Au programme: chaudes doudounes, promenades en traîneaux et froid glacial. Les ministres des Finances et gouverneurs des banques centrales du G-7 se retrouvent vendredi et samedi à Iqaluit, la capitale du territoire inuit du Nunavut, dans le grand Nord canadien. Un lieu choisi par Ottawa pour souligner sa souveraineté sur cette région, à l'heure où l'Arctique aiguise les convoitises.

Bourgade de 7 000 habitants, Iqaluit, sur l'île de Baffin, constitue a priori un lieu improbable pour une réunion des grands argentiers des pays du G-7 (États-Unis, Japon, Allemagne, France, Grande-Bretagne, Italie, Canada).

La capitale du Nunavut, territoire de 35 000 habitants grand comme l'Europe de l'Ouest, affronte à cette période de l'année des températures moyennes de -32 degrés Celsius. Les blizzards (tempêtes de neige) peuvent frapper sans crier gare et durer une semaine.

Les hôtes canadiens de la réunion remettront aux ministres et gouverneurs des banques centrales de chaudes parkas. Les capacités d'hébergement seront suffisantes pour les délégations, mais les journalistes qui n'ont pas pu trouver de chambre d'hôtel seront logés dans des dortoirs scolaires ou chez des familles.

Une météo calme et ensoleillée est annoncée pour la fin de la semaine. Le gouvernement canadien a toutefois prévu de déplacer la réunion à Ottawa, à 3 200 kilomètres au sud, si jamais les conditions climatiques l'exigeaient.

Le ministre canadien des Finances Jim Flaherty reconnaît qu'outre le fait de montrer les charmes du Nunavut («Notre terre» en inuit), le Canada veut envoyer un message diplomatique avec ce G-7. «C'est l'une des priorités de notre gouvernement, l'affirmation de notre souveraineté dans l'Arctique», explique-t-il.

La fonte des glaces liée au réchauffement climatique libère des couloirs dans l'océan offrant un nouvel accès à des ressources naturelles et à des routes maritimes arctiques. Le premier ministre canadien Stephen Harper a fait de l'Arctique une priorité et veut accroître la présence militaire canadienne le long du Passage du Nord-Ouest, entre l'Atlantique et le Pacifique, pour le cas où il deviendrait une voie navigable régulière.

Le Canada estime que ce passage, qui serpente entre les îles arctiques du grand Nord canadien, lui appartient, alors que les États-Unis et d'autres pays le considèrent comme une zone internationale. Par ailleurs, le Canada et le Danemark revendiquent chacun l'îlot de Hans à l'entrée orientale du Passage.

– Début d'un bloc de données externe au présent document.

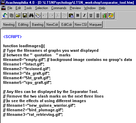 Launch the HTML editor Macromedia Dreamweaver. Open the file separator_tool.htm. Use the commands Edit, Launch External Editor on the drop-down menu bar to view the HTML code in the HTML text editor Arachnophilia. |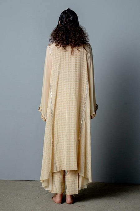 Ivory and gold printed kurta with hand embroidered detail. Paired with printed hem pant.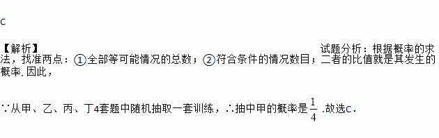 2014年3月,YC市举办了首届中学生汉字听写大会,从甲、乙、丙、丁4套题中随机抽取一套训练,抽中甲的概率是( )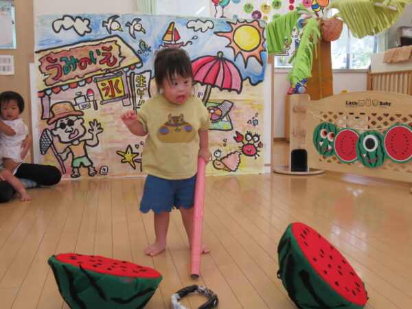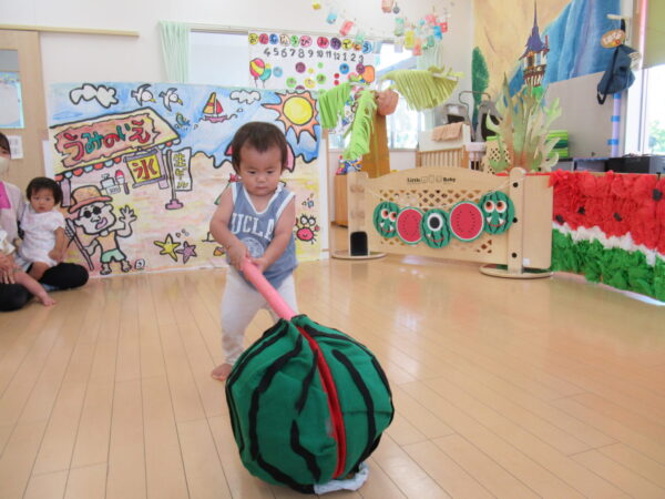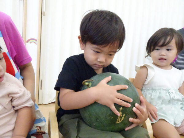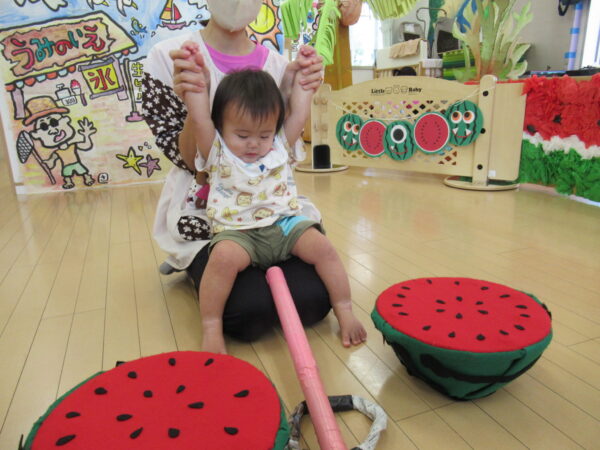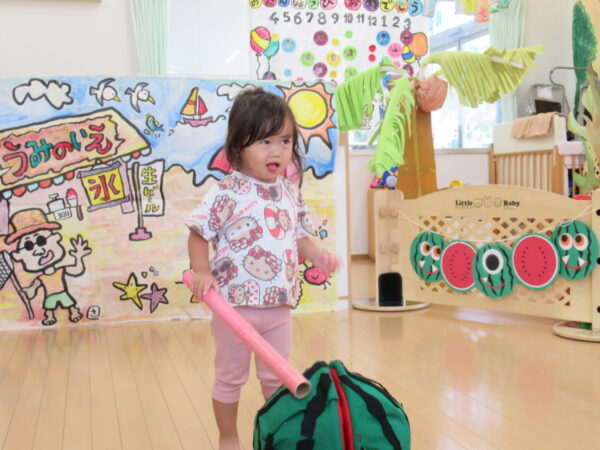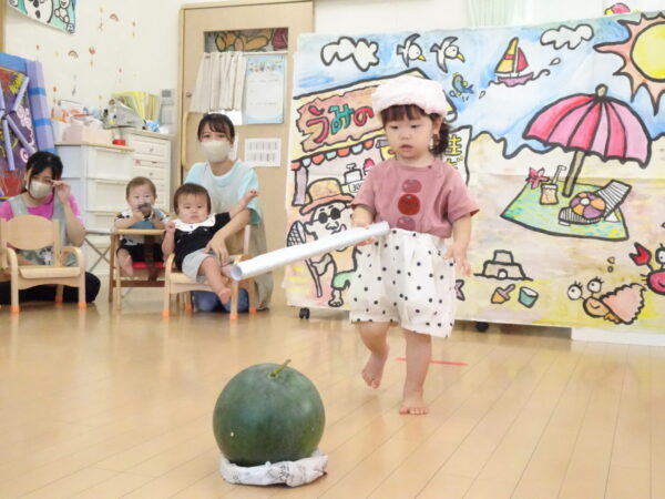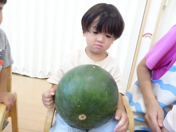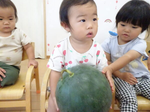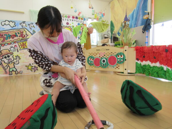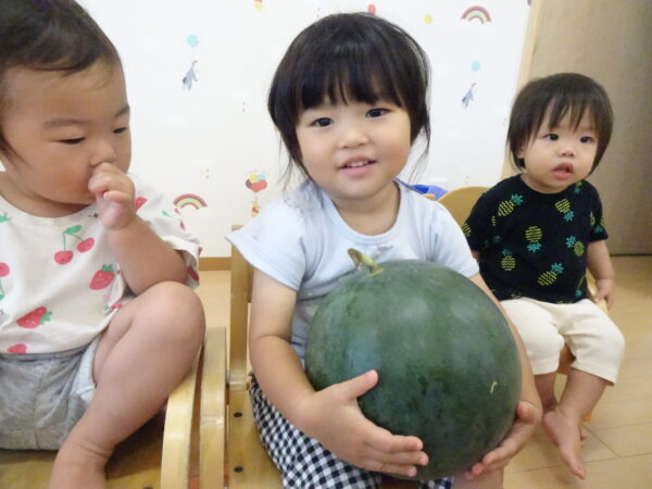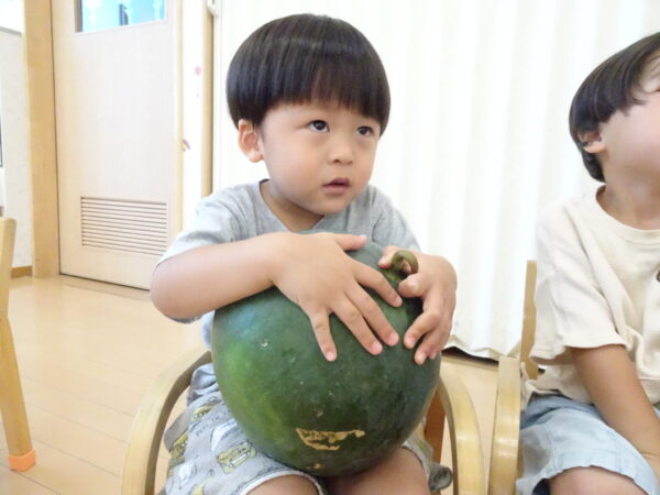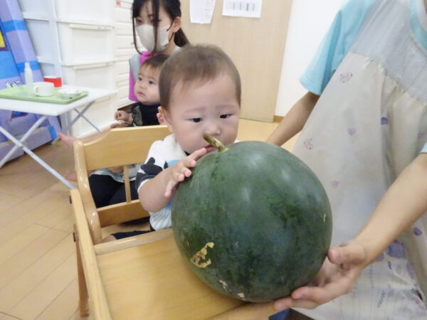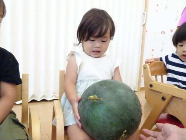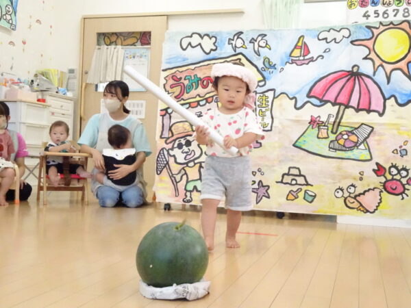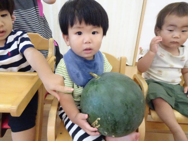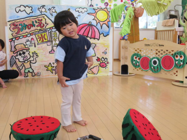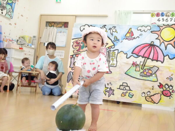 2025年7月31日 / 最終更新日 : 2025年7月31日 yamashita 下松市小規模保育園 太陽のテラス スイカわりで遊ぼう🍉 毎日 暑い日が続いていますが 太陽のテラスのお友だちは 元気いっぱいです😊 夏の風物詩 スイカわりで遊びましょう 大きな スイカ🍉 触ってみよう! スイカ割りはじめるよ~ そらぐみさん がんばって✨ なかなか割れないね~ つきぐみさん がんばって✨ 割れません😢 はな組さん がんばって✨ はなぐみさんより 大きい! まだまだ 割れないね~ それなら ”なんちゃってすいか”で もう一度! おいしいスイカ 「いただきまーす!」 スイカわりは 楽しくて おいしいね🍉 \ 最新情報をチェック / FacebookXBlueskyHatenaCopy

De l'autre côté de l'Amérique du Nord, la frontière maritime entre l'Alaska et le Canada est également la source d'un contentieux.

Iqaluit «est un lieu idéal pour accueillir un G-7 afin de montrer à la communauté internationale que l'Arctique canadien fait partie du Canada», déclare la ministre canadienne de la Santé Leona Aglukkaq, premier membre inuit du gouvernement fédéral. «Il existe une menace sur la souveraineté du Canada dans l'Arctique», note de son côté le professeur Robert Bothwell, de l'université de Toronto.

Le Canada prend la question au sérieux. Ottawa compte étoffer sa flotte de brise-glaces et construire de nouvelles installations militaires dans l'Arctique, dont un port en eaux profondes. Une réunion du gouvernement s'est tenue l'an dernier à Iqaluit et l'armée conduit des manoeuvres dans la région.

La Russie, qui ne cache pas son intérêt pour l'Arctique, n'a pas été conviée dans la capitale du Nunavut, alors qu'elle assiste parfois aux G-7 comme observateur. Des responsables russes ont exprimé en privé leur déception de ne pas avoir été invités. Aucune raison n'a été avancée pour expliquer cette non-invitation.

Jim Flaherty espère renouer avec l'ambiance informelle des premiers G-7 des années 1970. Il souhaite emmener ses homologues ministres des Finances faire du traîneaux à chiens et les réunir autour d'un feu de cheminée pour une conversation décontractée.

«Cela peut sembler surprenant d'aller là-bas en hiver, mais c'est en fait la plus belle période de l'année pour y aller car c'est tellement spectaculaire», a-t-il souligné. «J'ai hâte de les emmener faire du traîneau à chiens.»

Le dépaysement sera peut-être aussi être culinaire. De la viande de phoque devrait en effet être au menu des grands argentiers, même si l'Union européenne a interdit l'importation des produits dérivés du phoque pour des raisons éthiques. «J'espère qu'elle sera servie et que les gens auront un aperçu de ce que nous mangeons dans le nord», a déclaré Mme Aglukkaq.